Один из рода. Юлия Валерьевна Шаманская
Вот теперь—то ты раскаялся, все будет хорошо! Пойди утречком исповедуйся, причастись, если дозволят и начнем с тобою новую жизнь. Грехи царапать перестанут, двери благодати откроются и ахнешь, когда познаешь, как прекрасен мир Божий!
–Благодарю Вас за все, матушка!– целовал ее сморщенные руки Анатолий.– И благодарю Бога за свою болезнь! Но как жить мне теперь? Сейчас еще страшнее стало! Ведь в моих руках судьбы? Как поступить со своим бизнесом? Есть капиталы, есть возможность получить в свои руки власть. Что посоветуете? От всего отказаться? Разрушить корпорацию, распродать? Может, уйти в монастырь?
–Это ты правду говоришь, что в твоих руках судьбы, милый! Все, что есть у тебя – дар Божий, и распоряжаться им надобно с умом! Господь, когда тебе все это давал, знал, что кроме тебя никто с задачей не справиться. Значит, ты сможешь! И власть тебе доступна не случайно. Применить можешь во благо. Но только не ошибись!

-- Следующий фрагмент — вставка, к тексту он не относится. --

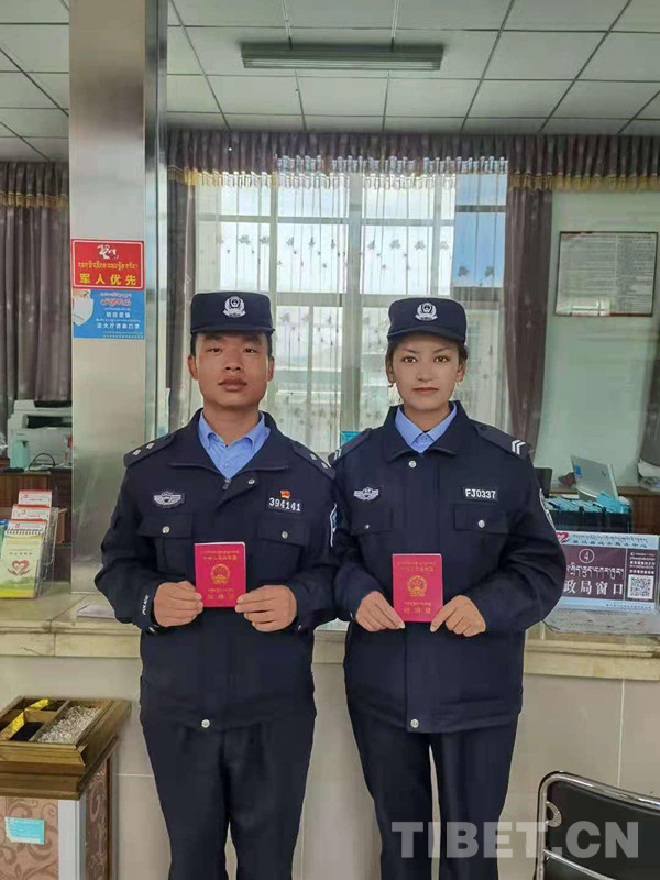 圖為王江鵬和尼瑪普赤領證時的合影
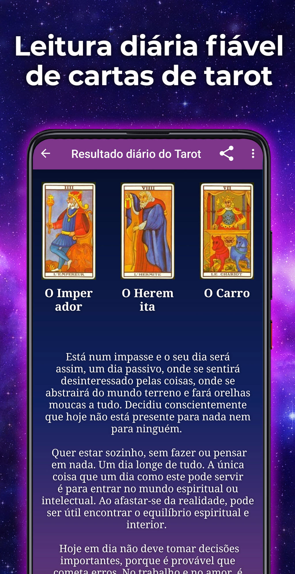 Leitura gratuita de tarot é uma aplicação portuguesa que contém 7 tipos de leitura e dá acesso a mais de 30 aplicações de tarot e clarividência!

–А как же мне, матушка, не ошибиться?
–Встань, милый, с коленочек, присядь! Да садись поудобнее! Рассказ мой долгим будет! Может, и всю ночь придется просидеть. Ты готов?
–С вами, матушка, и расставаться не хочется. С вами чувствую, как будто Христос посреди нас!
–Конечно, милый! Так и есть! Ты же знаешь, «где двое или трое собрались во Имя Мое, там и Я посреди них», а мы во имя Его здесь собираемся. Слушай историю. Она правдивая, не сомневайся! Веришь мне?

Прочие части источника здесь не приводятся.